14. The computer program product of claim 13, wherein the monitoring is performed in accordance with one of a plurality of operation modes, wherein the plurality of operation modes comprises a learning mode in which a predetermined amount of drifting from the one or more verification criteria is permitted, an autonomous mode in which commands are automatically sent to equipment to perform the task automatically by the equipment, or an end user mode in which deviations from the one or more verification criteria are identified and trigger notifications of the deviations being output.

15. The computer program product of claim 14, wherein in the learning mode, user feedback is output to the user after concluding output of the interactive multimedia content to the user, via a user computing device, wherein the user feedback identifies deviations of the user's performance of the task from the one or more verification criteria.

16. The computer program product of claim 14, wherein in end user mode, user feedback is output to the user after concluding output of each segment of the interactive multimedia content to the user, via a user computing device, wherein the user feedback identifies deviations of the user's performance of the corresponding sub-task of the segment from the one or more verification criteria for the segment.

17. The computer program product of claim 13, wherein monitoring performance of a corresponding sub-task of the segment comprises:

capturing, by one or more cameras, digital images of the user performing the sub-task; and

comparing the digital images to frames of the segment of the interactive multimedia content to determine deviations between the digital images and the frames.

18. The computer program product of claim 11, wherein monitoring performance of a corresponding sub-task of the segment comprises:

capturing, by one or more sensors coupled to an element involved in the sub-task, sensor data characterizing a user performance of the sub-task with regard to the element; and

comparing the sensor data to the one or more verification criteria of the segment to determine deviations between the sensor data and the one or more verification criteria.

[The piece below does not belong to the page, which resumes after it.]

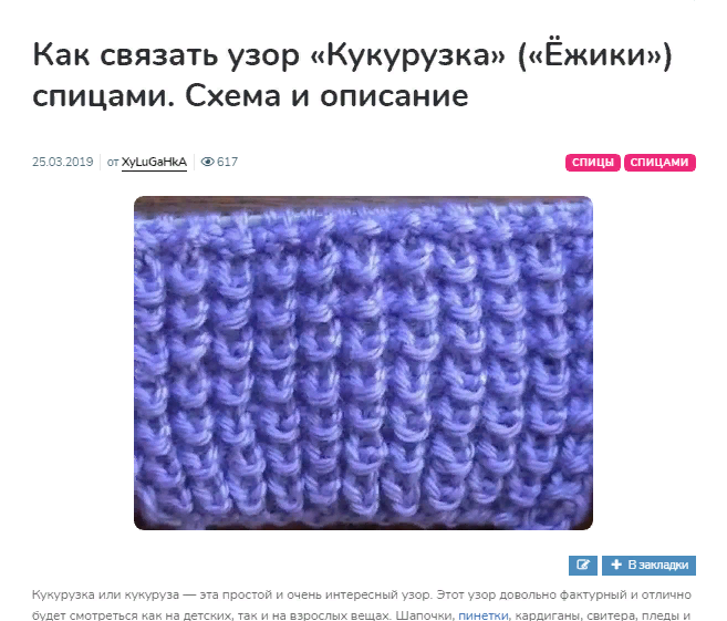7 место. Как связать узор «Кукурузка» («Ёжики») спицами. Схема и описание

19. The computer program product of claim 11, wherein the one or more monitoring device identifications comprises identifications of at least one of particular types of sensors for capturing monitoring data, particular cameras and computer vision tools to utilize, or software development kit (SDK) application programming interfaces (APIs) to use to monitor performance of corresponding sub-tasks of corresponding segments.

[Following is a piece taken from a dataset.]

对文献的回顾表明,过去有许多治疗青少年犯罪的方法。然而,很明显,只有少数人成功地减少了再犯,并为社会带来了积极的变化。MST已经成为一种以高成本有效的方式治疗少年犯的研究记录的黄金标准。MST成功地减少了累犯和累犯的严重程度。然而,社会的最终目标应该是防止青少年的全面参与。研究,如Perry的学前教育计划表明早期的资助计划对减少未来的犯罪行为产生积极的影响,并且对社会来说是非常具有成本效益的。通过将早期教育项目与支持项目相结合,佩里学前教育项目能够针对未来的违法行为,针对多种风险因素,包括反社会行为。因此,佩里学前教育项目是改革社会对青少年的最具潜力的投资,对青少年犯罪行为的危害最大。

20. A computer system comprising:

a processor set;

one or more computer-readable storage media; and

program instructions stored on the one or more computer-readable storage media to cause the processor set to perform operations comprising:

receiving multimedia content demonstrating performance of a task;

segmenting the multimedia content into a plurality of segments, each segment corresponding to a sub-task of the task;

determining, for each segment, one or more monitoring device identifications for monitoring devices to monitor performance of an associated sub-task of the segment;

determining, for each segment, one or more verification criteria for evaluating performance of the associated sub-task;

modifying, for each segment, metadata of the segment to include the one or more monitoring device identifications and one or more verification criteria, and thereby generate an interactive multimedia content; and

storing the interactive multimedia content in a repository for user access and monitoring of user performance of the task while the user accesses the interactive multimedia content.